Глаза у Зайцева потускнели, он глубоко вздохнул и объявил:
— Значит, по этому вопросу все. Переходим к обсуждению красного уголка. Слово товарищу Подгорной.
Как ни странно, Подгорная никогда не говорила с Пеночкиной об этой истории и всякий раз брезгливо пресекала попытки Зины затронуть эту тему.
Через несколько месяцев и сама Зина успокоилась, но, знакомясь с новыми ребятами, сообщала о себе загадочно:
— Вы не думайте, что я такая веселая, я вовсе совсем другая и многое уже пережила.

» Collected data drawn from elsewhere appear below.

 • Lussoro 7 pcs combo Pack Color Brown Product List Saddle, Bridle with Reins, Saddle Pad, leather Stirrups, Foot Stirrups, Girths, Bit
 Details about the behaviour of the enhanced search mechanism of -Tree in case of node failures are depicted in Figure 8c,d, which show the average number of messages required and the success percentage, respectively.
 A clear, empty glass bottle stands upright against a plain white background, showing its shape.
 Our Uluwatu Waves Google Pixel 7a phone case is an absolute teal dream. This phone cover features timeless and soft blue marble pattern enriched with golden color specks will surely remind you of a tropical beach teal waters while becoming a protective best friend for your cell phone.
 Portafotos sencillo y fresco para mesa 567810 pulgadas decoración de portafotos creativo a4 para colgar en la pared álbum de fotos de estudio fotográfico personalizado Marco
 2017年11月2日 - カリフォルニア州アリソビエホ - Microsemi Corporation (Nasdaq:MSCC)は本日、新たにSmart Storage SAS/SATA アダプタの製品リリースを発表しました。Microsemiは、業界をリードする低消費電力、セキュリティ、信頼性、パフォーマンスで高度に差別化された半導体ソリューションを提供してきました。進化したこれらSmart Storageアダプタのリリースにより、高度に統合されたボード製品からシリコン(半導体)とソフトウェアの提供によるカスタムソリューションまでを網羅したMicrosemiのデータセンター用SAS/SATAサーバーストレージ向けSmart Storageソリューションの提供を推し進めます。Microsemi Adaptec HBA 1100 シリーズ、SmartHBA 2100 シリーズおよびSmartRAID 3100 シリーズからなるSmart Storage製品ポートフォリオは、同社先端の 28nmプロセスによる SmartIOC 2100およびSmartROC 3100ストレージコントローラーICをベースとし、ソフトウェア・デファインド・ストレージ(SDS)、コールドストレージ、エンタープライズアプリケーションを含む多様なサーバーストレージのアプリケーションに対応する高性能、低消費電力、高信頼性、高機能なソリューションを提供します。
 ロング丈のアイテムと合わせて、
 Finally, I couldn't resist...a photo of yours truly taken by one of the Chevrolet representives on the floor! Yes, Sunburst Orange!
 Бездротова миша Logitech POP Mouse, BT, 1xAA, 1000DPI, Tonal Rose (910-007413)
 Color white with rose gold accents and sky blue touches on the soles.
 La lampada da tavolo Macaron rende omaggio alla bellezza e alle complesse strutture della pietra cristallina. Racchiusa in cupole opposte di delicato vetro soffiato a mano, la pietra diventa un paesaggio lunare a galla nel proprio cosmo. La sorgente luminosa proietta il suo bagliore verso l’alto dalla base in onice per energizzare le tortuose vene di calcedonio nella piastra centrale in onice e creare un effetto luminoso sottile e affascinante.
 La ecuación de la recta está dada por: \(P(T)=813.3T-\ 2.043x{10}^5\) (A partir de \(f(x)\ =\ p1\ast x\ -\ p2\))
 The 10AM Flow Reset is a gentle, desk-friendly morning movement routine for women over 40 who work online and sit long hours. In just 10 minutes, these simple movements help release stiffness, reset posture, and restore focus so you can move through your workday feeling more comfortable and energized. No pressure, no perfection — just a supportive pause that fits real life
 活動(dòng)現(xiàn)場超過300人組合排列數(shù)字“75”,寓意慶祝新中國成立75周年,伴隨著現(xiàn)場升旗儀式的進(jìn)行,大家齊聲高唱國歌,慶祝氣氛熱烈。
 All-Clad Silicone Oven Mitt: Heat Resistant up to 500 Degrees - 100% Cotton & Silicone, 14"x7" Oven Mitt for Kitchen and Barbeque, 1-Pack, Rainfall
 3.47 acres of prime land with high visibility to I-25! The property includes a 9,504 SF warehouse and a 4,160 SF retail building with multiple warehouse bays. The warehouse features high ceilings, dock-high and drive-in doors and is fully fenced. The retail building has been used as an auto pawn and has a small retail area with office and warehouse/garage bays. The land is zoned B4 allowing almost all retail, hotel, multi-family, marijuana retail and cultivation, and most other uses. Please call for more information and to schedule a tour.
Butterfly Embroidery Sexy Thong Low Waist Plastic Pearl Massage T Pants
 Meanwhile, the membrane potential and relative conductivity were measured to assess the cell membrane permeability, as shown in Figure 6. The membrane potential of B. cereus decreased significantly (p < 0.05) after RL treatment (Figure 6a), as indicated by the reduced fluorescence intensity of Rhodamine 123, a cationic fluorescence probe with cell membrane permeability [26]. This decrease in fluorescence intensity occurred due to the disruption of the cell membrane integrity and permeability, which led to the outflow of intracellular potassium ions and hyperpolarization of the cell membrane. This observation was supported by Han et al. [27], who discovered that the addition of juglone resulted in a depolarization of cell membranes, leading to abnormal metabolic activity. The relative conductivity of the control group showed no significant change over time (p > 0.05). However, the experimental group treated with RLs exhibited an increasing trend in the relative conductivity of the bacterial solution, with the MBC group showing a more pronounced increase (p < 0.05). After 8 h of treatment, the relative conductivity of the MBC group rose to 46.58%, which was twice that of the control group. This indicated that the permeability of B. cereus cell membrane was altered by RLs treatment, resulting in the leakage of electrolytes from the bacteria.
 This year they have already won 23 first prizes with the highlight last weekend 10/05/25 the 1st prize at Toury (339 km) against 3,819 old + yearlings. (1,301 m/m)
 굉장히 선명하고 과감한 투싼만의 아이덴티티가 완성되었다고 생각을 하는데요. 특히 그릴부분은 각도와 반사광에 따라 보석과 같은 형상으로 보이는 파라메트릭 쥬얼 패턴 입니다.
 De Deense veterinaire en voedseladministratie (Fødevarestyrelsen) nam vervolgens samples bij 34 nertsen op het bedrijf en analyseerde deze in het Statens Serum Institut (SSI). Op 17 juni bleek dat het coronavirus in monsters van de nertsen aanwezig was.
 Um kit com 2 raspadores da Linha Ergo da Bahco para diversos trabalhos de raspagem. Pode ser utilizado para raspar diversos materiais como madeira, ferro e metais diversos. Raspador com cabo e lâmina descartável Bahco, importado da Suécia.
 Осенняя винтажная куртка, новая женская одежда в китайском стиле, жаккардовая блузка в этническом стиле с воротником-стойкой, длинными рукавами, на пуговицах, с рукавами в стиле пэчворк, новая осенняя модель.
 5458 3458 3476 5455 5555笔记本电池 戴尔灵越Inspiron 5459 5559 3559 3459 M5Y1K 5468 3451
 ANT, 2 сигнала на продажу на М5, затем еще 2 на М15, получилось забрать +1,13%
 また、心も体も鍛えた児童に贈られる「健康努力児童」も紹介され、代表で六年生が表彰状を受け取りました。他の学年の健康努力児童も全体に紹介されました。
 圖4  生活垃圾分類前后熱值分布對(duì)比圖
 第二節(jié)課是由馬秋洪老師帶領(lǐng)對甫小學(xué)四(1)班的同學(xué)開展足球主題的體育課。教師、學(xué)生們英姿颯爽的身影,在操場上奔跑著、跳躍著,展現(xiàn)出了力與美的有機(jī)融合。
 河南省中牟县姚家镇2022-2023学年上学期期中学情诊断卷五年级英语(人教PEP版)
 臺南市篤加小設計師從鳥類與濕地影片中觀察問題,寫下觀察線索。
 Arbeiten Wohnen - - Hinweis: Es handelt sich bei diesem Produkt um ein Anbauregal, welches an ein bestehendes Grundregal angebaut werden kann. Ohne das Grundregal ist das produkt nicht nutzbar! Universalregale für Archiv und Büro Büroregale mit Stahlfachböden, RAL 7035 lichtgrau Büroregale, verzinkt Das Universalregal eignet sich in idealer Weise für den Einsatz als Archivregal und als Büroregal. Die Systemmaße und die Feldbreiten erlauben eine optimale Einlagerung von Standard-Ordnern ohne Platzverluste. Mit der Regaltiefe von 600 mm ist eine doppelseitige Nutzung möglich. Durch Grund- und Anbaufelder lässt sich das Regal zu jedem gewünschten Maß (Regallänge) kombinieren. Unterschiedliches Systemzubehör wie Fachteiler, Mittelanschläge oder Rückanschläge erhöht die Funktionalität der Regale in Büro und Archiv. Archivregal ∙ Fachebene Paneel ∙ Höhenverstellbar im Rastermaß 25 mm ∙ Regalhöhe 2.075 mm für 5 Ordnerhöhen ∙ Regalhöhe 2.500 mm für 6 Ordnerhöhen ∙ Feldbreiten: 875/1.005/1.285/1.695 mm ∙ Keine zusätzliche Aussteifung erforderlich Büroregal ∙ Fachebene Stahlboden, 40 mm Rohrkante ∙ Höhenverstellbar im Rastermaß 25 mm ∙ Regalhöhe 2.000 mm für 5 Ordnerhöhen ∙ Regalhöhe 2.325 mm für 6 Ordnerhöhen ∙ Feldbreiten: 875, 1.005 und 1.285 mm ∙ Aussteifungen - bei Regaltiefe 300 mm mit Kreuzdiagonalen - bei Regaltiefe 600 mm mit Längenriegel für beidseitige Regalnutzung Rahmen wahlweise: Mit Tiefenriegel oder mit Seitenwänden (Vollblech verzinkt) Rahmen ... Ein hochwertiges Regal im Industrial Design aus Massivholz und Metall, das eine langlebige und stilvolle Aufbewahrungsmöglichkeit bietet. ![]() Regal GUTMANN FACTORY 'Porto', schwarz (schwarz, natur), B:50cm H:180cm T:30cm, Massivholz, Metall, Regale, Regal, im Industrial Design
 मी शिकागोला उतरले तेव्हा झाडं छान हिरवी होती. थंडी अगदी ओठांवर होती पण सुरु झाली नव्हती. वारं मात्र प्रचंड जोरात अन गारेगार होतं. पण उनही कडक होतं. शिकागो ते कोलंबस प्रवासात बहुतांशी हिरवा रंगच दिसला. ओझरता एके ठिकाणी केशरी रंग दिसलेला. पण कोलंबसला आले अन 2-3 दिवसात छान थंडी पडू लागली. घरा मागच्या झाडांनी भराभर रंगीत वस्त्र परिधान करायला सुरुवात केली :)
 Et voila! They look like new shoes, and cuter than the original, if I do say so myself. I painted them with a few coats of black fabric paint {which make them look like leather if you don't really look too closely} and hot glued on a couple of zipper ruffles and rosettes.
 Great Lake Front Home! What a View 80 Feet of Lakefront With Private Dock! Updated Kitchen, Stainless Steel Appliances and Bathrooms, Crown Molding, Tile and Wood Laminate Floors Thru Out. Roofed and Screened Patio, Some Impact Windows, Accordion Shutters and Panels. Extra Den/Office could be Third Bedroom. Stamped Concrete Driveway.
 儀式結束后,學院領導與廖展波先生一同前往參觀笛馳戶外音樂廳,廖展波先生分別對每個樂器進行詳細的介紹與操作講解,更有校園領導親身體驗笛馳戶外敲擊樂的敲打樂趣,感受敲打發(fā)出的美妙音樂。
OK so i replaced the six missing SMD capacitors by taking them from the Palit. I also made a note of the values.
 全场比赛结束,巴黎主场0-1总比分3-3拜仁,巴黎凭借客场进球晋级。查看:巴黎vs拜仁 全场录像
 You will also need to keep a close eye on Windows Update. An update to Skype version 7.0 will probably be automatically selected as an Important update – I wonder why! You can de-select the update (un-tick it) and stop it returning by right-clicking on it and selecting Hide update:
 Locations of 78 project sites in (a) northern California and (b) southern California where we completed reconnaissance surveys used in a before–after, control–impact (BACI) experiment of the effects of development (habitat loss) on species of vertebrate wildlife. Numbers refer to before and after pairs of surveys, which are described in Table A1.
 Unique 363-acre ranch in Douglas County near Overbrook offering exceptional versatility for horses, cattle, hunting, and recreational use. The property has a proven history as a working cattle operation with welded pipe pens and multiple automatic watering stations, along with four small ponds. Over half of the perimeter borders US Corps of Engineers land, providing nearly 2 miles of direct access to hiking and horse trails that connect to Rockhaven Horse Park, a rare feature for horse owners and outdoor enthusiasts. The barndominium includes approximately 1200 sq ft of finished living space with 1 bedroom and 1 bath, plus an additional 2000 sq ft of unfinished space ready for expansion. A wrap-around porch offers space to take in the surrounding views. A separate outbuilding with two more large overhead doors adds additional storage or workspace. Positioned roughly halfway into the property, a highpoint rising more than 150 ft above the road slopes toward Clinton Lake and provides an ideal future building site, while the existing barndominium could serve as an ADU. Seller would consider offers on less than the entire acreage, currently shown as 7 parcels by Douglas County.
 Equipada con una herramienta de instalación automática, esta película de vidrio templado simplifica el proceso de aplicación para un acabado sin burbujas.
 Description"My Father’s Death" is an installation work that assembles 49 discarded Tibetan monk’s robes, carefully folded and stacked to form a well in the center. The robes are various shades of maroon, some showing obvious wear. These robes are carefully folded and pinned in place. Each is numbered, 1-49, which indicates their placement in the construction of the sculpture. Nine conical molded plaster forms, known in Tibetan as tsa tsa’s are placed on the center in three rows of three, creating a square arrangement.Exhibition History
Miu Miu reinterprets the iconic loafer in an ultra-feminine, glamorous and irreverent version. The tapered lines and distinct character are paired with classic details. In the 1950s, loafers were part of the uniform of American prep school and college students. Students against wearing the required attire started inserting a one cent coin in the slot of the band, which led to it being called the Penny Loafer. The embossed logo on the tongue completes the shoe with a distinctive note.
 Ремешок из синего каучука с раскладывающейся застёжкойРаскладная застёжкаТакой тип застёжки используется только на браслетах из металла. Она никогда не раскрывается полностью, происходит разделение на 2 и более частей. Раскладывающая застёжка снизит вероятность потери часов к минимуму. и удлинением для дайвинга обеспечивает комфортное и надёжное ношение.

Душевная чистота и доверчивость Леночкиной вернули к ней прежние добрые чувства коллектива, и только один Павел Гаврилович покаянно жаловался Бубнову: газопровод любой с дипломом построить может, а вот ребят довести до «человека» — штука тяжелейшая и ответственнее чего хочешь. Разводил руками:
— И как я этого Крохолева сразу не раскусил! Нет, пора на пенсию, раз зоркость души утратил. Место управдома — самое для меня подходящее. — Жаловался: — Сейчас человеком трудно быть. Очень много с него, помимо должности и специальности, спрашивается по линии духовных, неписанных обязанностей.
Конечно, Балуев говорил это, несколько преувеличивая обязанности человека на земле. Но если бы побольше людей так про себя думали и усиливали свою «общественную» душевную нагрузку, жить на свете всем было бы много легче.